▶ [DATA RECORDS]:
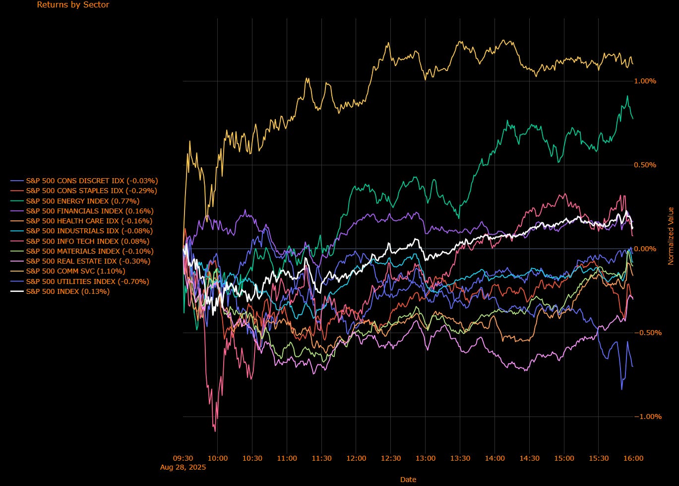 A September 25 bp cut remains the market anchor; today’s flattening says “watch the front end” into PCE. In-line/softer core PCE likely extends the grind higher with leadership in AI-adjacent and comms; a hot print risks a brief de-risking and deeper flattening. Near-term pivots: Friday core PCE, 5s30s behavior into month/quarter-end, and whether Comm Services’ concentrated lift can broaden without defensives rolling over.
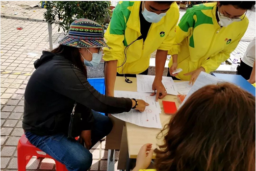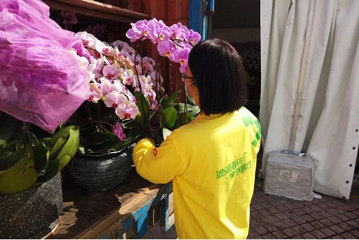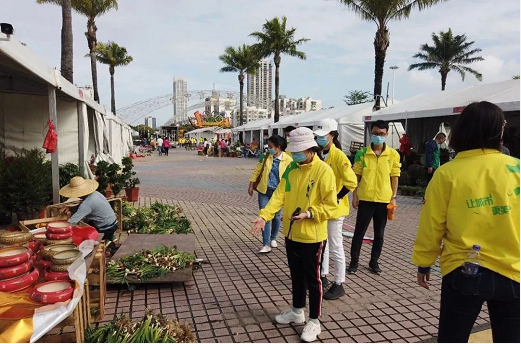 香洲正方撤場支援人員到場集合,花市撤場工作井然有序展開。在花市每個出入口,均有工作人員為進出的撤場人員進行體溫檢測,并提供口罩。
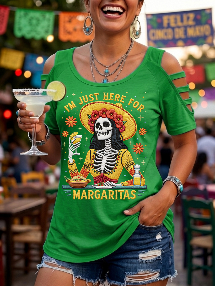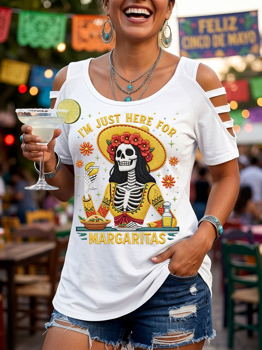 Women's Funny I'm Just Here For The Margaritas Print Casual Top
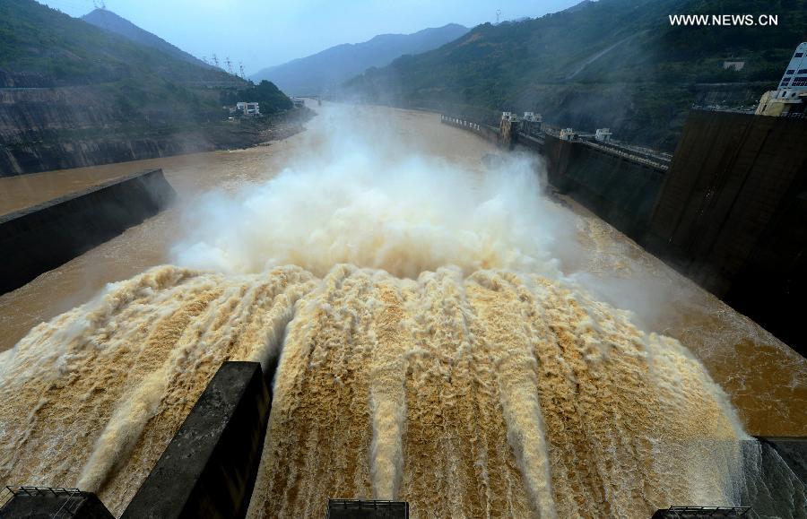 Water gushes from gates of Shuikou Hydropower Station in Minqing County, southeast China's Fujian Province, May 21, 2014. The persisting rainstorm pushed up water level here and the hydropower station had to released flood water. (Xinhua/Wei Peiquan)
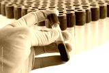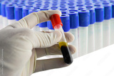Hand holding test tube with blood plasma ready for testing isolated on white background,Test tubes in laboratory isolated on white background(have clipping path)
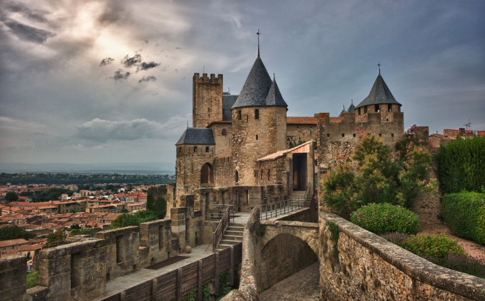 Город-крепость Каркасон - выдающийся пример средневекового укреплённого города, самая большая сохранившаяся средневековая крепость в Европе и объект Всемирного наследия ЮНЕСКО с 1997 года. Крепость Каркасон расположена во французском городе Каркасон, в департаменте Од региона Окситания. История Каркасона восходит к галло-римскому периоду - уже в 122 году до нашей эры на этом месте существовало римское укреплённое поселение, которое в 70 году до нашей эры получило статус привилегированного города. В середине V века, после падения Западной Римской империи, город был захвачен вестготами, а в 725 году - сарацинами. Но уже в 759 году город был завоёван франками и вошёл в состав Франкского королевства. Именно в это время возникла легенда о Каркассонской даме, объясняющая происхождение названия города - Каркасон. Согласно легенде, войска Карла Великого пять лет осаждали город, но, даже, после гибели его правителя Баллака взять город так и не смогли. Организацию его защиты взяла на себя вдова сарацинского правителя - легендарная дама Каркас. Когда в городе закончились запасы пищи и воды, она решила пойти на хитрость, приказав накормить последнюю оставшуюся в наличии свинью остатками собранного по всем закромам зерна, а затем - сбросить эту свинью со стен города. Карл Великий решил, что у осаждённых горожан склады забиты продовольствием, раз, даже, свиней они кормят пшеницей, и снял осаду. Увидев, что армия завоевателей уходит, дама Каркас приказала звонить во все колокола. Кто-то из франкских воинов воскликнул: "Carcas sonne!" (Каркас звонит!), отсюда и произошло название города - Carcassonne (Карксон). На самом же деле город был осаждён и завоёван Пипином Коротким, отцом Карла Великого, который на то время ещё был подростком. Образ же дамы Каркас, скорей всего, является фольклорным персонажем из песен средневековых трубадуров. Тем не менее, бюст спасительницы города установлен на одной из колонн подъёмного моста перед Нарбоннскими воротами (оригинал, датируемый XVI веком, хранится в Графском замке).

--

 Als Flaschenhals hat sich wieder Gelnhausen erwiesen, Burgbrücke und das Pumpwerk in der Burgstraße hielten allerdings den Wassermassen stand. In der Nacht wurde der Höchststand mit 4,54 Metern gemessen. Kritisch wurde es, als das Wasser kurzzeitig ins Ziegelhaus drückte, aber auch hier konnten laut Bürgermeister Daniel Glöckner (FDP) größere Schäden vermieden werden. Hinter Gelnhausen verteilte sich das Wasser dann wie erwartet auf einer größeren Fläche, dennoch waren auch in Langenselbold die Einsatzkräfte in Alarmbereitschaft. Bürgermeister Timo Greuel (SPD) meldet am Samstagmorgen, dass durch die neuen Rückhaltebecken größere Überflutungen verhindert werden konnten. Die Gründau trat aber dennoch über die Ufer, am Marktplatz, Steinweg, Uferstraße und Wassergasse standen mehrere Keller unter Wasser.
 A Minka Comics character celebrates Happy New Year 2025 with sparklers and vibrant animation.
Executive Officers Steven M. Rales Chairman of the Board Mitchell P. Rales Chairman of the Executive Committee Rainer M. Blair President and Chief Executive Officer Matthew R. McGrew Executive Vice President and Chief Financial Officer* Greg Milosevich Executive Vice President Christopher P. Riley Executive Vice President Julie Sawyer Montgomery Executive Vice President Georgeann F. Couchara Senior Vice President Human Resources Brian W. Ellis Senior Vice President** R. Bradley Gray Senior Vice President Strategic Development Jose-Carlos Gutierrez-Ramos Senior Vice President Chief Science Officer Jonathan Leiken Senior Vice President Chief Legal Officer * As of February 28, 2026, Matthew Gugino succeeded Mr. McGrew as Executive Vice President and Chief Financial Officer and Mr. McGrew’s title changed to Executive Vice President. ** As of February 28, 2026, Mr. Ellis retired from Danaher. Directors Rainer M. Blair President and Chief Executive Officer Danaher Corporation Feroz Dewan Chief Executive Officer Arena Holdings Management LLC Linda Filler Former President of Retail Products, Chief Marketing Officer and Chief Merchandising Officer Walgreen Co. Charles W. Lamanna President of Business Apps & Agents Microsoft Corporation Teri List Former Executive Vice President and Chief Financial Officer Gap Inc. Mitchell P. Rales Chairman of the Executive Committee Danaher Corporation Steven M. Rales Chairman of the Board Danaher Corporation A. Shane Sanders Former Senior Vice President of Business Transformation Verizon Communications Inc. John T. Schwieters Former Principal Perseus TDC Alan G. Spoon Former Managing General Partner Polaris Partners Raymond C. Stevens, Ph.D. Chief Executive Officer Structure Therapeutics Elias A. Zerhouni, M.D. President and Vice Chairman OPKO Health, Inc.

...

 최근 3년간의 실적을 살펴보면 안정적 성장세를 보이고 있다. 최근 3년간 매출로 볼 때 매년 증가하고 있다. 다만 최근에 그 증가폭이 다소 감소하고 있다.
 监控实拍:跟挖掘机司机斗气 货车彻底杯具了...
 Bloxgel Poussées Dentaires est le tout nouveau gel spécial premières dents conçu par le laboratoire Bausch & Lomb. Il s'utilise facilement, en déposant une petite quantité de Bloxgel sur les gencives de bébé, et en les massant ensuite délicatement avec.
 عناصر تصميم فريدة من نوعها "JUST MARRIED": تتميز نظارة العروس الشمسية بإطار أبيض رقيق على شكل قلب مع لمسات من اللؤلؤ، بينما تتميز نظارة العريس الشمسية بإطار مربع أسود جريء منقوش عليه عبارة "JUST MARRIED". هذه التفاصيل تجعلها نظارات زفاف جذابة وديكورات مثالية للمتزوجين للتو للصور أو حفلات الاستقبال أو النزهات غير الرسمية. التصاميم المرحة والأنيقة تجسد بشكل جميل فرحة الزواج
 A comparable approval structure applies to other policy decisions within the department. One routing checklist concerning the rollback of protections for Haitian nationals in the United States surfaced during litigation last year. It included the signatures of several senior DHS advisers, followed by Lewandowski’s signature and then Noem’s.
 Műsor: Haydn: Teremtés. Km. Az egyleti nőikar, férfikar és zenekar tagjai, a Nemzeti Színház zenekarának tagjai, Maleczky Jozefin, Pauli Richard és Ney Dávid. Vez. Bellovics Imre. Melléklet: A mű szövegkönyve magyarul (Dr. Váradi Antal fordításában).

▶ [TASK TO CARRY OUT]: Copy only what runs above from the line containing "A September 25" through the line containing "Hand holding test", exactly. Leave out the pictures.

▶ [EXERCISE RESPONSE]:
 A September 25 bp cut remains the market anchor; today’s flattening says “watch the front end” into PCE. In-line/softer core PCE likely extends the grind higher with leadership in AI-adjacent and comms; a hot print risks a brief de-risking and deeper flattening. Near-term pivots: Friday core PCE, 5s30s behavior into month/quarter-end, and whether Comm Services’ concentrated lift can broaden without defensives rolling over.
 香洲正方撤場支援人員到場集合,花市撤場工作井然有序展開。在花市每個出入口,均有工作人員為進出的撤場人員進行體溫檢測,并提供口罩。
 Women's Funny I'm Just Here For The Margaritas Print Casual Top
 Water gushes from gates of Shuikou Hydropower Station in Minqing County, southeast China's Fujian Province, May 21, 2014. The persisting rainstorm pushed up water level here and the hydropower station had to released flood water. (Xinhua/Wei Peiquan)
Hand holding test tube with blood plasma ready for testing isolated on white background,Test tubes in laboratory isolated on white background(have clipping path)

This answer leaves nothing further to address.